A larger sphere A, having a radius $R$ is snugly fitted in a cube (i.e. sphere A touches all six faces of the cube). Further, a small sphere B is snugly fitted in the corner of cube (i.e. sphere B touches sphere A & three orthogonal faces meeting at the same vertex). Further, a smaller sphere C, having a radius $r$, is snugly fitted in the same corner of the cube (i.e. sphere C touches sphere B & three orthogonal faces meeting at the same vertex).
How to find out the radius $r$ (of smaller sphere C) in terms of the radius $R$ (of larger sphere A)?

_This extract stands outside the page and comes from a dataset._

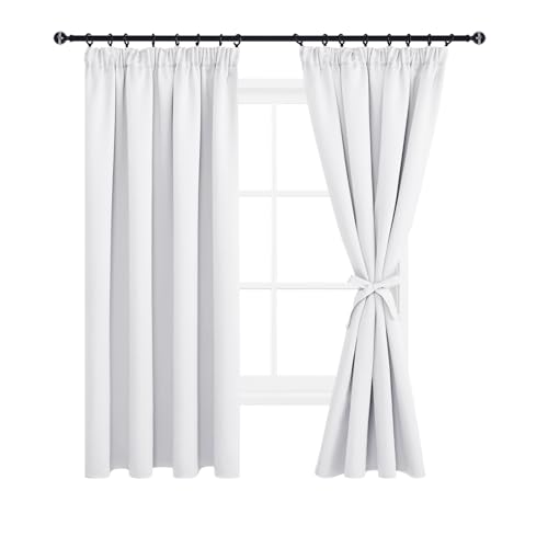 DWCN Sovrum gardiner för skensystem, mörkläggningsgardiner med gardinband, veckband gardiner korta mörka gardiner mörka gardiner i kök, 137 x 117 cm (H x B), grå vit, set om 2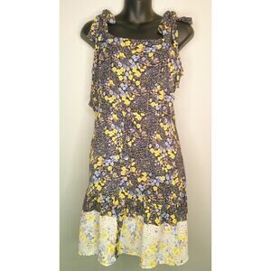 Francesca's Jun + Ivy Two toned Boho Floral Summer Mini Dress Ruffle Hem Large

I have tried this using vector analysis but I did not find the correct answer. Any help or pointing in the right direction is appreciated.
Note: None of the spheres touches any of 12 edges of the cube.

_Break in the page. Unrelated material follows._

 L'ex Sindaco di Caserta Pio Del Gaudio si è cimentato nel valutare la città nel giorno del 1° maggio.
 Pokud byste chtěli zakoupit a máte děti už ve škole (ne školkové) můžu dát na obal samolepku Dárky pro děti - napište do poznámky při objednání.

Unit vector equally inclined with three orthogonal axes X, Y & Z is given as $$ \hat{r}=\frac{1}{\sqrt{3}}(\hat{i}+\hat{j}+\hat{k})$$
angle of inclination of the vector with three axes is $$=\cos^{-1}\left(\frac{1}{\sqrt{3}}\right)\approx 54.73^{o}$$ but further if angle of inclination of this vector with each of three orthogonal faces is $\alpha \space$ then I have $$\sin\alpha =\frac{R_{B}}{R\sqrt{3}-R-R_{B}}$$ Similarly, for radius $r$ $$\sin\alpha =\frac{r}{R_{B}\sqrt{3}-R_{B}-r}$$
Further, how I can determine angle of inclination $\alpha$ with the orthogonal planes?
Extend the problem to get infinitely many spheres, each fitting snugly in the space between the previous one and the corner. From the scaling symmetry (around the bottom left vertex) of the problem the radii of the spheres decrease in geometric series. So the distance from the far-side of $A$ to the corner, which we denote by $d$, should be
$$ d = \frac{2R}{1 - r} $$
where $r$ is the ratio of the radii. We know that $d = R + \sqrt{3}R$. So we have
$$ r = (2- \sqrt {3}) $$
and the radius of $C$ being $r^2 R$ which you can compute yourself.